From: jjvan...@gmail.com
Date: Sun, 24 Feb 2013 19:51:35 +1000
Subject: Re: [Trop-R] Species richness by order
To: tropi...@googlegroups.com

--
An R group for questions, tips and tricks relevant to spatial ecology and climate change.
All R questions welcome.
---
You received this message because you are subscribed to the Google Groups "Tropical R" group.

To unsubscribe from this group and stop receiving emails from it, send an email to tropical-r+...@googlegroups.com.

To post to this group, send an email to tropi...@googlegroups.com.

Stewart Macdonald

unread,

Feb 25, 2013, 11:24:57 PM2/25/13

to tropi...@googlegroups.com

See if this works. The gist is to:
-read in the list of genera and orders
--loop through each order
---loop over each genus in this order
----get a list of all .asc files for this genus
----loop over these .asc files, combining them for overall richness
--write out a richness .asc file for each order

You'll obviously need to change the variables up the top, and add in your thresholding code if need be. I don't have any .asc files to test this with, so I haven't changed the last section of the code and I haven't actually tested this to see if it works.

Stewart

############################

library(SDMTools)
working.dir = ~/"mydata/";
ascii.dir = "sdms/" #define the directory of the species ascii files
genusOrder.file <- "genus-order.txt" # this should be a tab-delimited file with two columns and a heading of "Genus\tOrder"

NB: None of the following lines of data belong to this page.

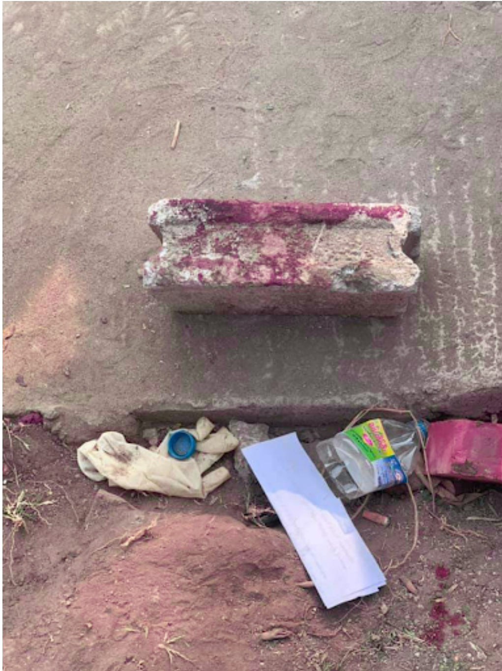
ပုံ 12- (ဘယ်ဘက်) မူရင်းဓာတ်ပုံ (ညာဘက်) အိန်ဂျယ်ရဲ့ အုတ်ဂူဘေးမှာ သွေးစွန်းထင်းနေတဲ့ မြေပြင်နှင့် အုတ်ခဲကို မီးမောင်းထိုးပြရန် ပန်းခရမ်းရောင်ဖြင့်ပြထားသောဓာတ်ပုံ။ အုတ်ခဲအစွန်းတွင် တွေ့ရသော ထင်ရှားသောသွေးကွက်များသည် ထိခိုက်မှုမှဖြစ်နိုင်သည်။ ယင်းအုတ်ခဲများကို အိန်ဂျယ်၏ ဦးခေါင်းခွံကိုဖွင့်ရန် အသုံးပြုခြင်း ဖြစ်နိုင်သည်။ ခွဲစိတ်လက်အိတ်ကိုလည်း တွေ့ရသည်။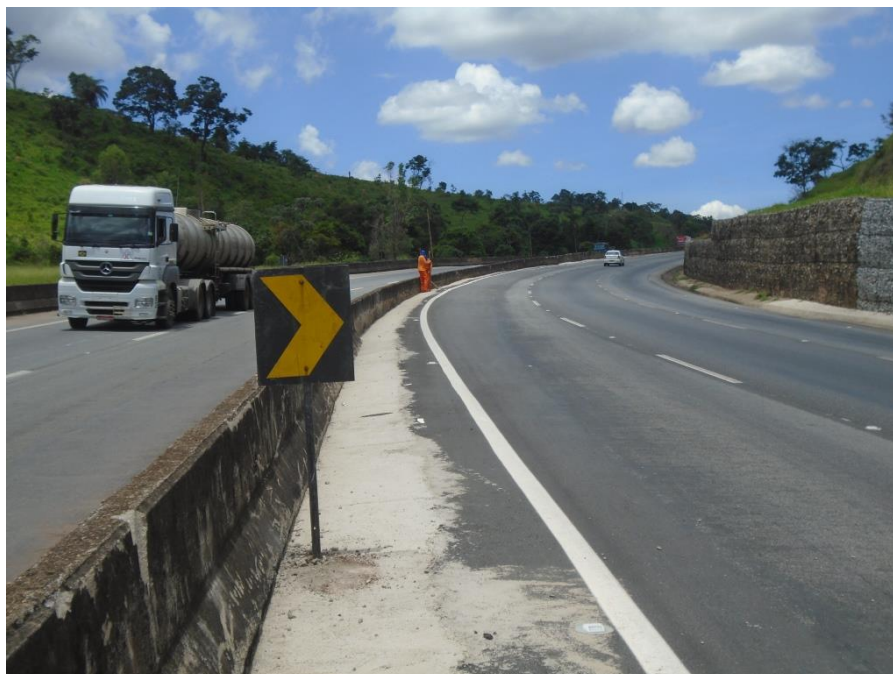
Figura 01 – execução de fresagem estrutural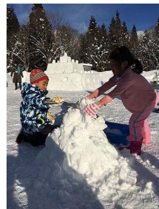
冬の生活体験ツアー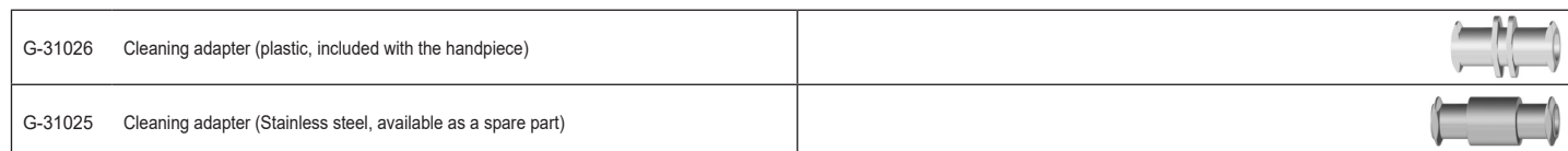
Tab. 1: Accessories, illustrations not to scale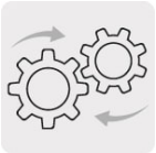
2 velocidades mecánicas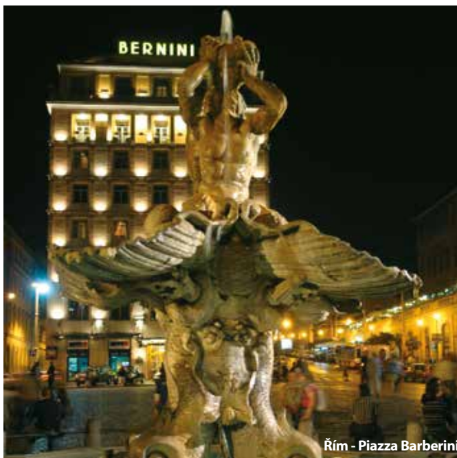
Řím - Piazza Barberini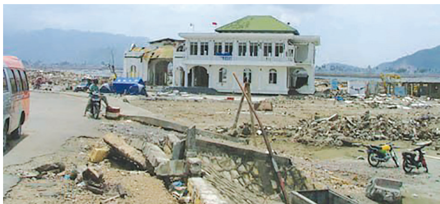
Kondisi Masjid Baiturrahim Ulee Lheue setelah diterjang bencana Tsunami.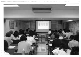
市民を対象としたセミナーなどを通して、身近な心の支援について知ることが大切です

A まず二つ目に、行政と民間の協働が不可欠になってくると思います。行政の組織でいえば、危機管理や福祉・子ども部門、教育委員会など。民間では、医療や心理・福祉領域、市民ボランティア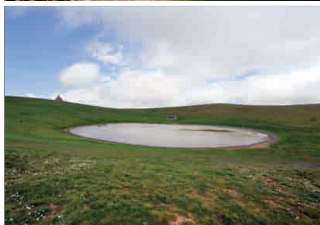
Հատված Սևանա լճից և Արմաղան լեռան խառնարանը A partial view of Lake Sevan; the crater of Mount Armaghani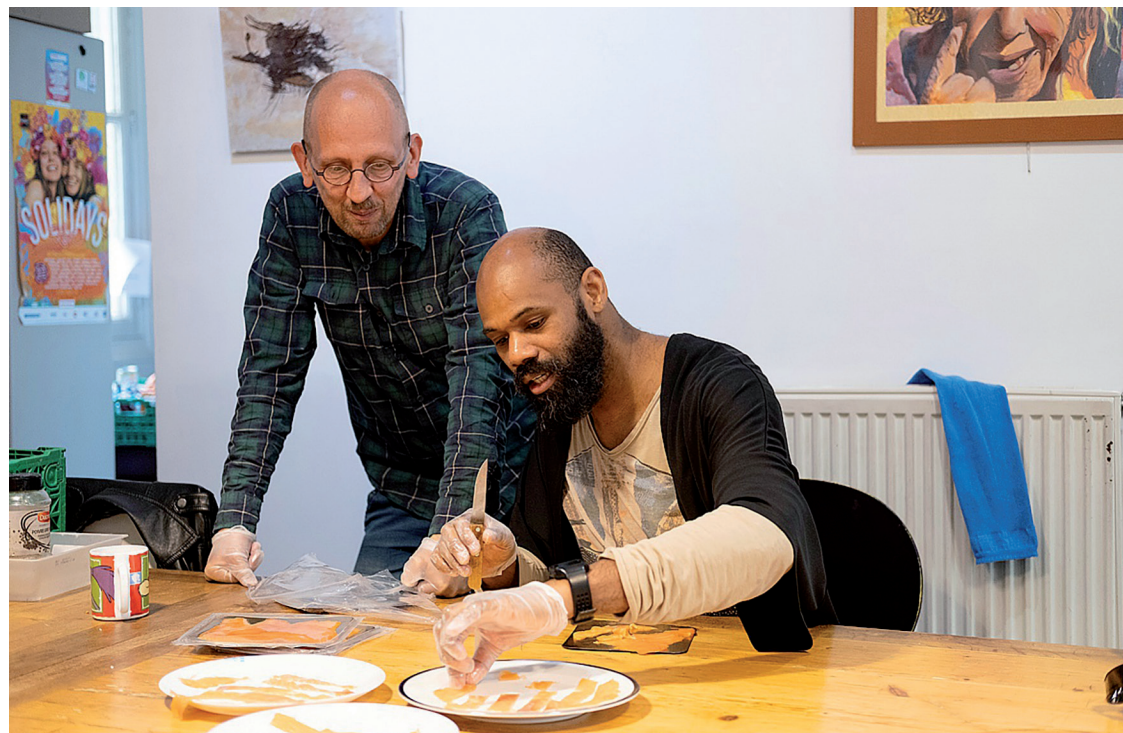
Deux familiers de Basiliade préparent le repas à partir de dons de nourriture.

Depuis 2005, le ministère de la santé n'alloue plus de fonds pour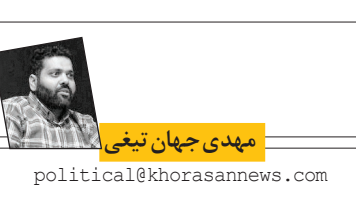
مهدی جهان تیغی.

دستور کار خود قرار داده است اما نکته مهم آن جاست که رئیس‌ی صرفاً خود را محدود به چند سفر خارجی نکرده‌و در کنار آمدو شده‌ایش به خارج از کشور، از ابتدای فعالیت خود مدام به رئیس‌ی نیز تا این جای کار و پس از گذشت ۷ ماه از آغاز به کار دولتش که با محوریت وریکردی متفاوت راجع به تعامل با دیگر کشورها از همان ابتدا به دنبال تحقق «دیپلماسی همسایگی» بوده است، سه سفر مهم و راهبردی یعنی سفر به تاجیکستان، ترکمنستان، روسیه و قطر را در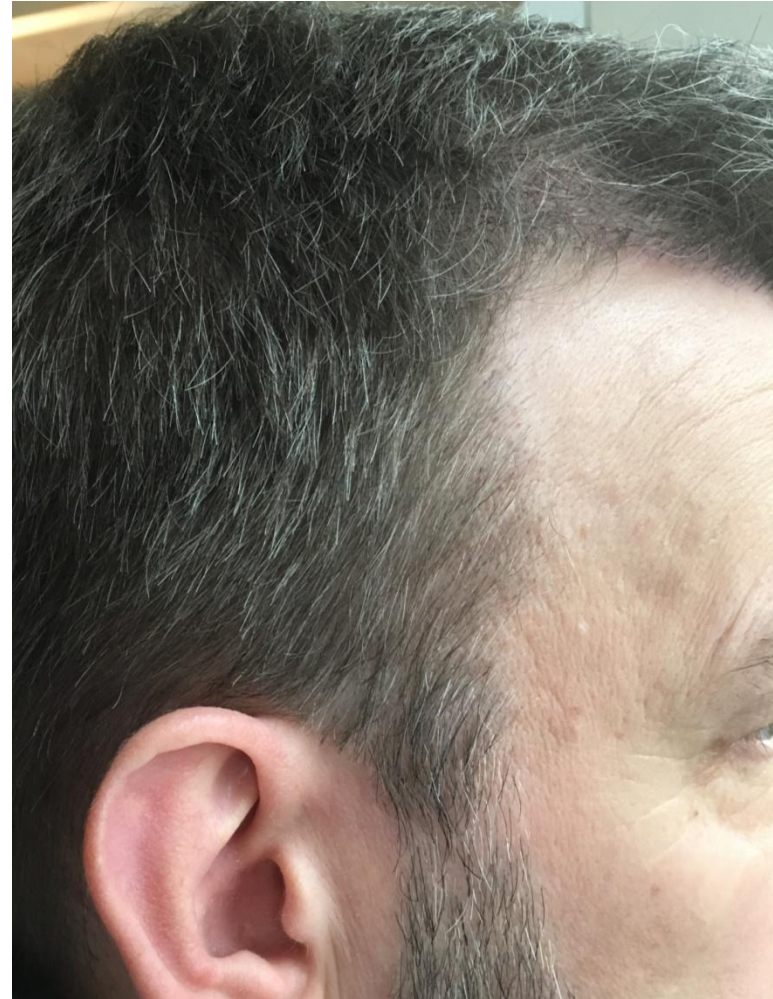
4 Monate post OP

setwd(working.dir) #define and set the working directory

order.info = read.table(genusOrder.file, header=T, sep="\t") #read in the table of order and genus

for (ord in unique(order.info$Order)) {
cat('Doing order:', ord,'\n')#cycle through each order
#out = NULL #define the output
theseGenera = order.info$Genus[which(order.info$Order==ord)] #get the species in this order
for (thisGenus in theseGenera) {
cat('\tDoing genus', thisGenus, '\n')#cycle through each species in that order

theseSpecies <- list.files(ascii.dir, pattern=paste(thisGenus, "*", sep=''))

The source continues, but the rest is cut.